What is being asked →
Please restate, word for word, the lines below that begin at the one with "報告・相談先:フィッシング対策協議会/警察相談/188" and end at the one with "- Підтримка макс.". Leave out all other lines.

Stored records

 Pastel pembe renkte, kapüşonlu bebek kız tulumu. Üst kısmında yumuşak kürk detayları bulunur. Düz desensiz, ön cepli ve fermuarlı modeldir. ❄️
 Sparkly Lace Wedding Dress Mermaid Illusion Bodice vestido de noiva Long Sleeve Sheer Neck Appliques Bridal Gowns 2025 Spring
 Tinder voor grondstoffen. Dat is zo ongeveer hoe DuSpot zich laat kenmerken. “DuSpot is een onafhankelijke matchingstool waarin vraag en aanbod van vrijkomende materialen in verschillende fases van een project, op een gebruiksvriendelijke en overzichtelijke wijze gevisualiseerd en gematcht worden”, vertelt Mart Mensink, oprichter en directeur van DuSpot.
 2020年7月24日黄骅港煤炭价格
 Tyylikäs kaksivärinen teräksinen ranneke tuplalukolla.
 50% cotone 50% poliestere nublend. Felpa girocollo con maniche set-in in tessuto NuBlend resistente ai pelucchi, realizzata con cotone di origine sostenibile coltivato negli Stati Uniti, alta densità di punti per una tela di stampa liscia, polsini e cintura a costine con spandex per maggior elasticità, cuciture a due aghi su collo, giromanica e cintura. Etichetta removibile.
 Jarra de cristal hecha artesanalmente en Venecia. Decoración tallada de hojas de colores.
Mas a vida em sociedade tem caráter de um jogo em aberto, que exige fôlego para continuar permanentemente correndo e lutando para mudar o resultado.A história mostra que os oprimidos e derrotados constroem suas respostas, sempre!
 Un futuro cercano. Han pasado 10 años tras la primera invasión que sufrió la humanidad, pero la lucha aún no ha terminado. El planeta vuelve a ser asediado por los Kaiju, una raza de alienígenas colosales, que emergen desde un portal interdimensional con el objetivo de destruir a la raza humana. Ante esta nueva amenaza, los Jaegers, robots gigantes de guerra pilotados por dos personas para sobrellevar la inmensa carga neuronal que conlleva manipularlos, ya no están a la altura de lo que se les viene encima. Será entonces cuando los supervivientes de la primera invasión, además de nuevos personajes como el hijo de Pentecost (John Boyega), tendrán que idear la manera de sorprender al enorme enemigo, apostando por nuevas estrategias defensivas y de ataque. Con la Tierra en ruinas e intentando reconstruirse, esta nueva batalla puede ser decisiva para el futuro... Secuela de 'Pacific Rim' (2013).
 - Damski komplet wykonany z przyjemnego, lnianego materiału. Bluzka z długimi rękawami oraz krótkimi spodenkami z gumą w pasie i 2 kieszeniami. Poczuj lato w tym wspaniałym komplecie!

--

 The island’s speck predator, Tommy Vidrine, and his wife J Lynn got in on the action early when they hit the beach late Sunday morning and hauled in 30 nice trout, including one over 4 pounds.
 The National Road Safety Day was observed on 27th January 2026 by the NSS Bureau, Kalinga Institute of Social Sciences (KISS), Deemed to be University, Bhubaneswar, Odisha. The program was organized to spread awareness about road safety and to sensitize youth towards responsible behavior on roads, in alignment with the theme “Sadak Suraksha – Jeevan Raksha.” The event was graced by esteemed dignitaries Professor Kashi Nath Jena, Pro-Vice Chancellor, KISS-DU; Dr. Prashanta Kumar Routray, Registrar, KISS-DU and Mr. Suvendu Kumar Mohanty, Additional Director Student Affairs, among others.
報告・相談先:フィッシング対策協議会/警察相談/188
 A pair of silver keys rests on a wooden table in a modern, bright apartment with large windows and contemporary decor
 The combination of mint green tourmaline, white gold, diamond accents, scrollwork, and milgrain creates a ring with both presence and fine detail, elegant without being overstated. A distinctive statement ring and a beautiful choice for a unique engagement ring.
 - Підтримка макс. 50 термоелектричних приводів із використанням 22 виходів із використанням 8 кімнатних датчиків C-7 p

Answer below →
報告・相談先:フィッシング対策協議会/警察相談/188
 A pair of silver keys rests on a wooden table in a modern, bright apartment with large windows and contemporary decor
 The combination of mint green tourmaline, white gold, diamond accents, scrollwork, and milgrain creates a ring with both presence and fine detail, elegant without being overstated. A distinctive statement ring and a beautiful choice for a unique engagement ring.
 - Підтримка макс. 50 термоелектричних приводів із використанням 22 виходів із використанням 8 кімнатних датчиків C-7 p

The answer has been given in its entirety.